As current low sulfur content natural gas fields are being depleted, sour gas fields are increasingly developed to meet production demands. Acid gas removal from these fields (and especially removal of highly sour gas fields) requires significant capital investment as well as operating costs. Compounding such disadvantages, sour gas field production plants must also comply with gas pipeline specifications, energy efficiency and emissions requirements that have become increasingly stringent. Moreover, the acid gas content of at least some of these gas fields will increase over time and so places additional burdens on operating conditions and costs.
While numerous acid gas removal methods are known in the art, most of them have at least some drawbacks. For example, where a conventional amine absorption process is used, the circulation rate for the amine solvent (or other chemical solvent) is generally proportional to the acid gas content. Also, where the acid gas concentration is relatively high or increases over time, the steam demand for solvent regeneration is relatively high or increases, and with that imposes undesirably high greenhouse gas emissions. Still further, chemical solvents also exhibit saturation with respect to acid gas loading (i.e., mole of acid gas per mole of amine), which is especially disadvantageous at high or increasing acid gas concentrations.

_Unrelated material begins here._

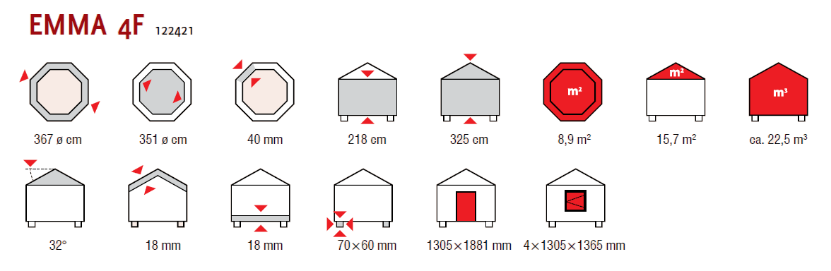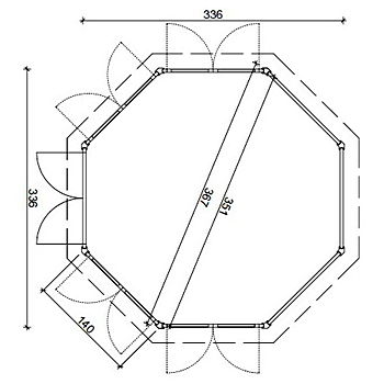 Zewnętrzna średnica altany z zadaszeniem to 367 cm, wewnętrzna 351 cm , przy powierzchni użytkowej 8,9 m2 . Altana została wykonana z 40 mm litego bala świerkowego, co gwarantuje wytrzymałość i stabilność konstrukcji. Impregnowane ciśnieniowo belki podwalinowe dobrze izolują altanę od podłoża. Altana posiada ośmiokątny dach o nachyleniu 32o.

On the other hand, where physical solvents are used, acid gas loading of the solvent actually increases with the acid gas concentration/partial pressure. Thus, at least in theory, physical solvents appear to be a desirable choice for acid gas fields with relatively high sour gas content. Furthermore, physical solvent regeneration can be accomplished to at least some extent by flash regeneration. Unfortunately, without external heating physical solvents can only be partially regenerated. Consequently, unless an external heat source (e.g., steam) is used for regeneration, physical solvents are currently deemed not suitable for deep treatment of sour gases, and particularly H2S, to meet pipeline gas quality (e.g., 2 to 4 ppmv H2S). Alternatively, heat recovered from the feed gas and/or a compressor discharge can be used to improve solvent regeneration as described in PCT/US09/58955. Such configurations and methods advantageously reduce energy and equipment requirements; however, they fail to produce a CO2 product with purity suitable for EOR and/or a sales gas product meeting pipeline specifications.
Additionally, due to the high solubility of hydrocarbons in physical solvents, the CO2 stream often contains more than 5 mol % of hydrocarbons, which fails to meet the CO2 purity required for enhanced oil recovery. For example, CO2 can be removed from a feed gas at supercritical pressure as described in U.S. Pat. No. 7,192,468. While such removal is relatively efficient, hydrocarbon losses are often undesirably high. Moreover, to some extent, recovery of hydrocarbons can be achieved by recycling of the low pressure flash gases; however, it is impractical due to the extremely high re-compression. Similarly, as described in PCT/US10/24382, acid gas is removed from a feed gas at pressures at or below those of the above '468 patent. However, the recovered CO2 stream still contains a relatively high amount of hydrocarbons, reducing product revenue and potentially rendering the CO2 unfit for EOR. Therefore, while physical solvent processes can be used for treatment of feed gases having significant amount of hydrocarbons, such processes often fail to recover hydrocarbon content in the CO2 stream as well as the treated gas stream, resulting in losses in product revenues and production of non-compliant products.
Thus, although various configurations and methods are known to remove acid gases from a feed gas, all or almost all of them suffer from one or more disadvantages. Among other things, physical solvent processes typically fails to produce a treated gas that meets below 4 ppmv gas pipeline specifications, and/or hydrocarbon concentrations are undesirably high in the removed CO2. Therefore, there is still a need to provide improved methods and configurations for acid gas removal.